Exercise aim: Reproduce word for word the lines between those holding "Tao kuih (Chinese: 红桃粿)" and "Then, it occurred", inclusive, and nothing else from the data below.

Supplied material:
──────────

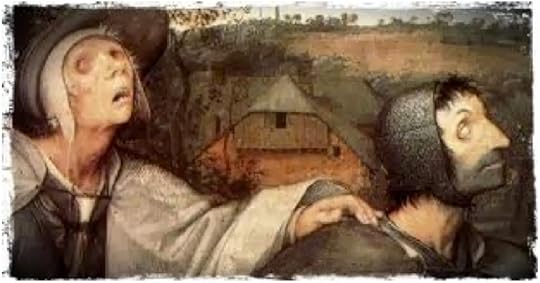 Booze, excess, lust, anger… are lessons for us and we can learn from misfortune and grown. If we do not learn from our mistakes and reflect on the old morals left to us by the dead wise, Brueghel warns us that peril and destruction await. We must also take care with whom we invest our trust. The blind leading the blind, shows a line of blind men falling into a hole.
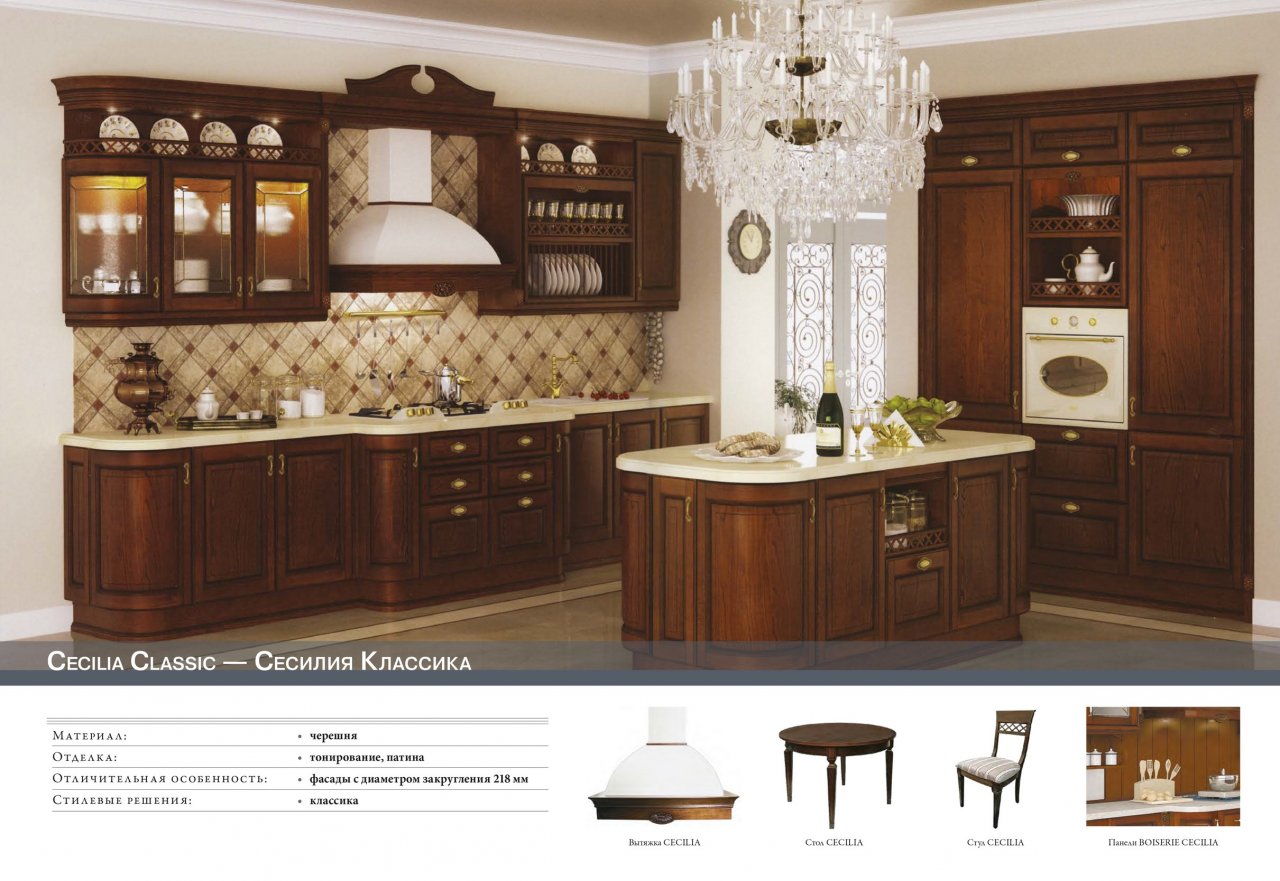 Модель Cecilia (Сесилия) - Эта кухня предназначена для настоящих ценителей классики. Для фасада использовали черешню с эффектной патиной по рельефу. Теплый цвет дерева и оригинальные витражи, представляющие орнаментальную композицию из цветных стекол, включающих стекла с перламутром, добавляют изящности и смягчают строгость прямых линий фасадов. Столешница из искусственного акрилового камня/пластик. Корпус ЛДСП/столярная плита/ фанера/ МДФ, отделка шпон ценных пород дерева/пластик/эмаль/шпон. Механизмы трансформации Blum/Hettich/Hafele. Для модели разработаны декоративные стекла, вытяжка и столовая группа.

──────────

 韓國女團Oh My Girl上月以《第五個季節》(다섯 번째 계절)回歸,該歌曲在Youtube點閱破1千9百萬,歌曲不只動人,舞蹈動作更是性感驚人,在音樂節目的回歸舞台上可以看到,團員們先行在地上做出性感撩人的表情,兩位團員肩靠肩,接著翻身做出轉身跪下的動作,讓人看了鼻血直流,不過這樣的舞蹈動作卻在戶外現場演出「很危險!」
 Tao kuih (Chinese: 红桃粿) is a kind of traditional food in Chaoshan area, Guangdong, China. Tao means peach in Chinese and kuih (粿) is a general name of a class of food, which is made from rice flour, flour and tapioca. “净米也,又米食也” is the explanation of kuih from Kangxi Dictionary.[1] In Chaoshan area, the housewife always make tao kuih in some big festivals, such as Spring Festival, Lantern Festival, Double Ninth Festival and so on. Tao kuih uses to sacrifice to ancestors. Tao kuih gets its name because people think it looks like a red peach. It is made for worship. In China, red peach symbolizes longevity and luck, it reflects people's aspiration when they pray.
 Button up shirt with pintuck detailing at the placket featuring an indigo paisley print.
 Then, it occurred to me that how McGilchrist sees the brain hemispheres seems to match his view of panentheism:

──────────

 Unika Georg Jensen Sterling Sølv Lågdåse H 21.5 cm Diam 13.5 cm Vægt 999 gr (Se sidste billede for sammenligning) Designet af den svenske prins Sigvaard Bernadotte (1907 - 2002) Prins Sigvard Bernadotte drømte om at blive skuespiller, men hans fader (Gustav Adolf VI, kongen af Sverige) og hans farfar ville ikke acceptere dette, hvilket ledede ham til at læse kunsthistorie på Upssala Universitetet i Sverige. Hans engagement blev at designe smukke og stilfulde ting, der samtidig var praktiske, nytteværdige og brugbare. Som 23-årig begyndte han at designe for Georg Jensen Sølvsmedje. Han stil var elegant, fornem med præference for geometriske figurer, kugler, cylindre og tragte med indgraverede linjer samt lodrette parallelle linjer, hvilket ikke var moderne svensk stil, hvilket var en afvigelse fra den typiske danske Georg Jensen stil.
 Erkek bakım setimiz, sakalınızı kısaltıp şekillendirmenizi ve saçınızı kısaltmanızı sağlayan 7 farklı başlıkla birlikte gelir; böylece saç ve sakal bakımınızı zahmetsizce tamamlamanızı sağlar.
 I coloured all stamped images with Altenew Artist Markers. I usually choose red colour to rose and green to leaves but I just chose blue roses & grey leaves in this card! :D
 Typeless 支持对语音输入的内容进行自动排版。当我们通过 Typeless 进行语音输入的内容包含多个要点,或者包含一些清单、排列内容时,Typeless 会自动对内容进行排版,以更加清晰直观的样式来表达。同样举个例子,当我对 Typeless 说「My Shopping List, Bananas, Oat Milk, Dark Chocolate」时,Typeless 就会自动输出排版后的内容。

──────────

Answer to the exercise:
 Tao kuih (Chinese: 红桃粿) is a kind of traditional food in Chaoshan area, Guangdong, China. Tao means peach in Chinese and kuih (粿) is a general name of a class of food, which is made from rice flour, flour and tapioca. “净米也,又米食也” is the explanation of kuih from Kangxi Dictionary.[1] In Chaoshan area, the housewife always make tao kuih in some big festivals, such as Spring Festival, Lantern Festival, Double Ninth Festival and so on. Tao kuih uses to sacrifice to ancestors. Tao kuih gets its name because people think it looks like a red peach. It is made for worship. In China, red peach symbolizes longevity and luck, it reflects people's aspiration when they pray.
 Button up shirt with pintuck detailing at the placket featuring an indigo paisley print.
 Then, it occurred to me that how McGilchrist sees the brain hemispheres seems to match his view of panentheism:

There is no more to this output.